In shift since Hezbollah war, Jewish Agency aids Israeli Arabs

BY DINA KRAFT, JTA

MAJDAL KRUM, Israel — Light streams through the two-story community center in this northern Arab and Druse village that until recently stood freshly painted and newly built, but empty.

Funds from the Jewish Agency for Israel helped fill the rooms with chairs and tables and outfitted a computer lab. The donation is part of a shift in agency policy to begin assisting not only Israel’s Jewish population but, to some degree, its Arab citizens as well.

“We will continue to be with you,” JAFI chairman Zeev Bielski said on a recent visit to the neighboring village of Deir el-Asad. “We will bring more Jewish donations … There have been years of neglect of Israeli citizens who are no different from any other citizens.”

Bielski was referring to the discrepancy in government funds and infrastructure provided for Israel’s Arab minority as compared with the Jewish majority.

The shift in JAFI policy began on the first day of Israel’s war this summer with Hezbollah. If Hezbollah’s Katyusha rockets weren’t discriminating between Arab and Jewish victims, Bielski announced, neither would the Jewish Agency make distinctions in dispersing assistance.

During the war, most of the agency’s focus in the community was on bringing Arab, Druse and other non-Jewish children to the safety of camps in the center of Israel. The agency also helped fund a week of activities and field trips for children during the last week of summer vacation, part of an effort to give kids a feeling of normalcy after weeks living in bomb shelters or being shuttered inside their homes.

Since the war ended the agency has been investing in equipping community centers, several of which had lacked basic furniture and supplies. Officials say they also plan to help in longer-term projects such as coexistence gatherings for youth in mixed cities such as Haifa and Acre.

Historically, the Jewish Agency has focused its efforts only on Israel’s Jewish population. It was founded in the 1920s, during the British Mandate, to represent the Jewish population in Palestine and its interests. At the time it focused on Jewish immigration, the purchase of land from local Arabs and setting the policies of the Zionist movement.

Since 1948, the agency has been charged with overseeing immigration to Israel, promoting Jewish and Zionist education worldwide and building ties with Diaspora communities.
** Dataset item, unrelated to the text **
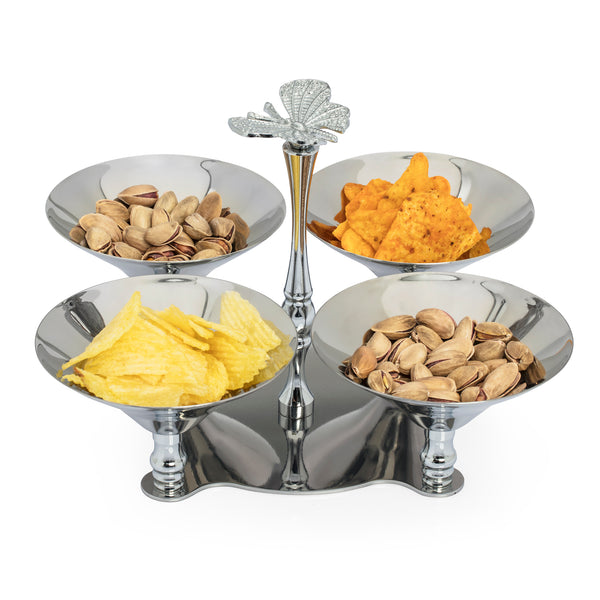 The 4 Piece Snack Bowl Butterfly Handle Saray by Bonna is a beautifully designed ceramic bowl that combines functionality with elegance. Its unique butterfly handle adds a charming touch, making it perfect for serving snacks at any gathering. With a diameter of 27 cm and a height of 15 cm, this bowl is ideal for both casual and formal settings.

The subject of the Jewish Agency and its Zionist ethos is a sensitive topic for Israel’s Arab citizens. Historically the agency was involved in determining where new Jewish towns and villages would be built, and many Arabs claim that such decisions came at their expense.

Most recently, with Israel having uprooted thousands of settlers from the Gaza Strip last year and aiming for a far larger withdrawal from the West Bank, JAFI has been involved in efforts to develop the Galilee and the Negev, both major Arab population centers. Some Arabs fear the planned additional Jewish development in their regions might infringe on their land rights.
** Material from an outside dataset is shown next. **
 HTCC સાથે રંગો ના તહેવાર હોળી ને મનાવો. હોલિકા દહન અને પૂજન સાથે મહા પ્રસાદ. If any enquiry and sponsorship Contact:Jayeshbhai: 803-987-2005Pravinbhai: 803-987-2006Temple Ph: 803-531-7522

Not everyone welcomes the agency’s overtures. At the community center in Majdal Krum, a JAFI plaque was hung inside because of fears that it might be stolen or defaced if left outside.

At a gathering in the center’s auditorium, Mayor Ahmed Dabah thanked JAFI for its support.

“This is what should be happening. All of Israel’s citizens need to feel that we are treated the same way, and then the tensions will disappear,” he said.

Not every one in the Jewish Agency is pleased with the idea that money raised by Diaspora Jews will go to Israel’s non-Jewish communities.

“I think the Jewish Agency — in contrast to the Israeli government, which is obligated to all of its citizens — has a job to focus on the Jewish citizens of Israel,” said Danny Dannon, chairman of World Likud and a member of the agency’s board of governors. “If I were a Jew in Boca Raton, Fla., and gave $100 to my local federation, I would want to know it was helping the Jewish enterprise in Israel.”

In an interview with JTA, Bielski said the agency is determined to reduce the social gaps in Israeli society. Israel’s Arab population, which makes up nearly 20 percent of the country, is among the worst-off socioeconomic groups.

Faris Sarhan, an unemployed 31-year-old cook who has been volunteering for months at the Majdal Krum center, said he welcomed JAFI’s involvement.

“It was really difficult getting by without any equipment,” he said.

Sarhan hopes that one day soon he’ll be paid for the meals he provides to the center and the work he does with youth — but so far there are no salaries for center staff.

“Without donations, we have no funds coming in,” said Kadah Malwa, 21, who also works at the center without a salary.

Sammy Bahar, JAFI’s director for northern Israel, said he sees the agency’s work in minority communities as something that’s just beginning to take form.

“We need to deal with things with a lot of sensitivity. It’s a different type of work here,” he said while standing at the entrance to Deir el-Asad. “We’re entering a long and interesting process that I hope will change things.”